Тоже, наверное, переживали за этого, маленького.

Да и сам маленький, похоже, переживал. И не знал, что ему делать с таким большим неуклюжим инструментом. Вот уже все прижали свои скрипочки подбородками. Уже взмахнули смычками. Закатили к потолку глаза… А этот всё елозил и сомневался, куда же девать такую дурынду. Наконец он сообразил, что на плече он её всё равно не удержит. И решил поставить прямо на пол. Он уткнул штырь в паркет (или чем там они покрывают свою сцену), а саму скрипку зажал коленками.

«Вот и правильно! — обрадовался за маленького Костик. — Вот и молодец!»

И маленький тоже очень обрадовался. Весело взмахнул своими кудряшками. Отвёл руку со смычком куда-то вбок. И…

И всё вдруг разом запело, зазвенело и затрепетало. И зажужжало шмелями, и затренькало соловьём, и застонало, и заплакало.

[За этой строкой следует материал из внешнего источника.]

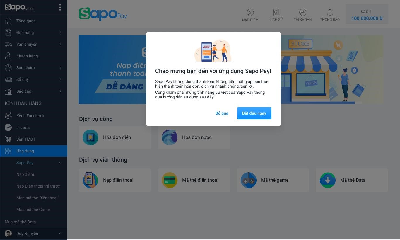 Sau khi cài đặt thành công ứng dụng Sapo Pay, để truy cập vào ứng dụng bạn chọn Ứng dụng > Sapo Pay. Hộp thoại Chào mừng bạn đến với ứng dụng Sapo Pay được hiển thị

А у Костика вдруг защипало и зачесалось в носу. И отчего-то стало жалко себя и всех вокруг. И маму, которая так тихо сидела рядом, вытянув вперёд шею. И папу, который сейчас готовился к выступлению и, наверное, очень волновался. И этих двух смешных старушек в жабо и кружевных перчатках, сидевших сбоку от Костика. А больше всех — этого маленького, кудрявого, с тяжёлой скрипкой. Так стало всех жалко, что захотелось плакать.

У Костика перед глазами всё поплыло и заколыхалось. Как в тумане. И в этом тумане маленький взмахивал головой и смешно хмурил чистый высокий лоб. А другой, большой, вдавливал маленькую скрипку своим квадратным подбородком себе в плечо. И по-детски делал брови домиком. Как будто ему, как и Костику, тоже всех очень жалко. И он тоже хочет заплакать.

А потом Костик провалился…

Вот так: сидел-сидел и провалился в тёплую мягкую вату. Звуки зазвучали вроде как издалека. Тилим-тили-лим, тили-лили-лили-лим. Стало плохо слышно. Но так почему-то хорошо…

— Ну как?

— А? — не понял Костик.

В глаза брызнул свет от хрустальной люстры. Вокруг все суетились, пробирались между рядами и хлопали сиденьями кресел. На сцене копошились дяденьки в чёрном. Отвинчивали от стойки микрофон.

— Папа?

— Я тут! — папа оказался совсем рядом, в обнимку со своим баяном и чахлым букетом гвоздик. — Ну как? Слышал, как я… трам-пам-пам… тара-тара-тара-пам-пам?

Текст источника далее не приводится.